Robert gingerly lowered himself on to the seat and relaxed when it did not so much as creak.
“Did you hear the broadcast by that young Welles fellow last year?” She asked with a chuckle.
“I heard about it ma’am, quite a stir.”
“I listened to it and found it most entertaining, but I really could not see why so many people flew into a panic. Was it too authentic? I think older ladies, and older gentlemen, are a little more discerning than most, would you agree?”

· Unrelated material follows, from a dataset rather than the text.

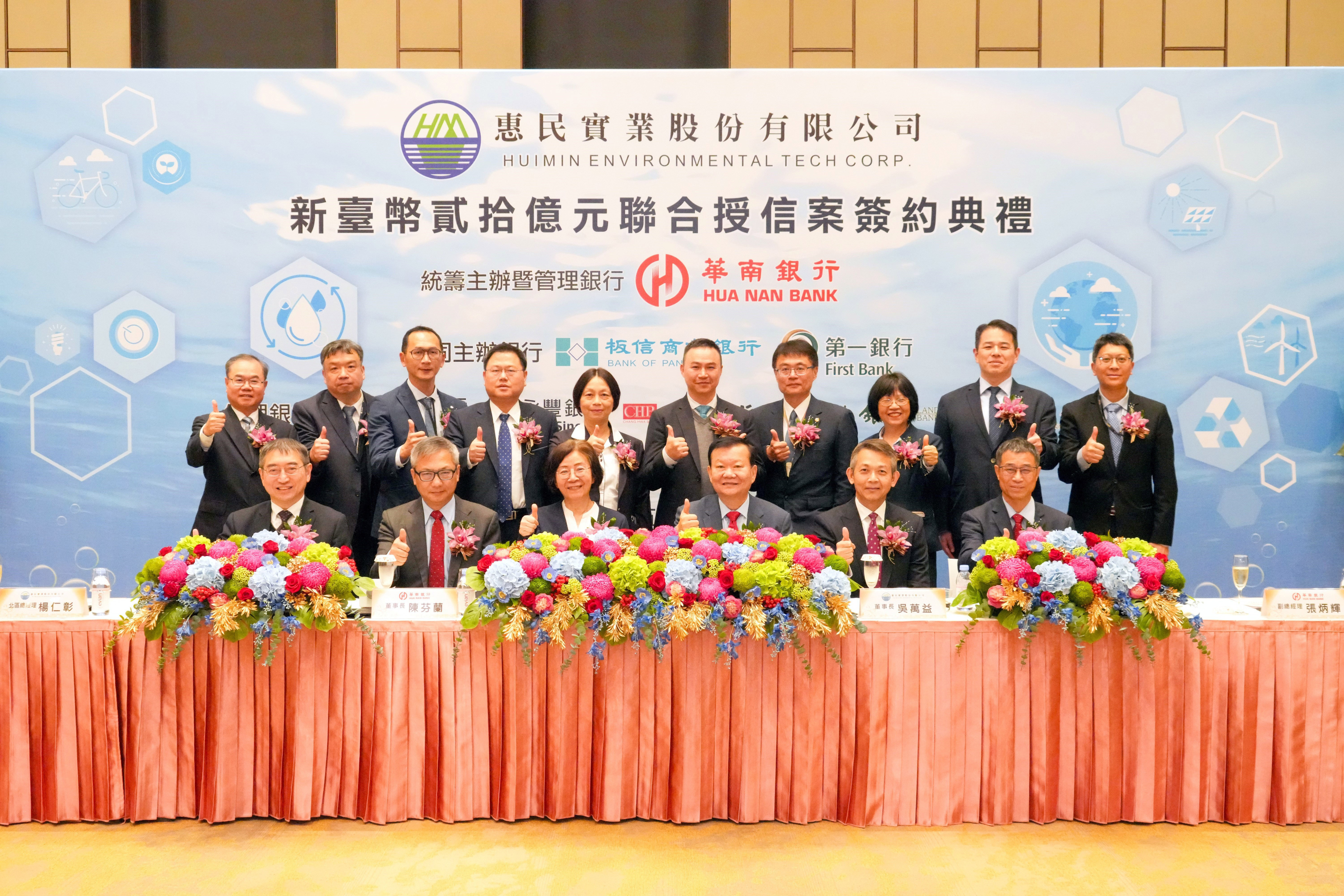 華南銀行統籌主辦惠民實業股份有限公司新臺幣20億元聯貸案,於日前完成簽約,為台灣循環經濟的發展挹注動能。這次聯貸案由華南銀行擔任統籌主辦銀行,並邀請板信銀行、第一銀行、兆豐銀行、永豐銀行、彰化銀行、土地銀行、高雄銀行、合作金庫及將來銀行等金融機構共同參與,全案以新臺幣16億元推出,在各家銀行踴躍支持下,超額認貸達1.37倍,最終以新臺幣20億元結案,充分顯見銀行團對於惠民實業的經營績效及未來發展給予高度認同與肯定。

He agreed, and mentioned Welles had done some very good theatre. Mrs Cottlebridge said she was not surprised by that at all, and asked Robert if he was fond of Paul Robeson – a question that elicited great enthusiasm from the young man.
Their conversation went well into the night; Mrs Cottlebridge drawing great energy from the company more so than the coffee, and Robert more than happy to provide it. She spoke often of Gregory, and Robert saw that by speaking of him – sharing him – Mrs Cottlebridge brought him into the room and into the world of the living. As they parted Robert told her “we must do this again soon” and meant it; and, having seen her love – still as strong as ever - untouchable by all things and irrevocably immortal, he knew beyond all doubt what he needed to do as soon as possible.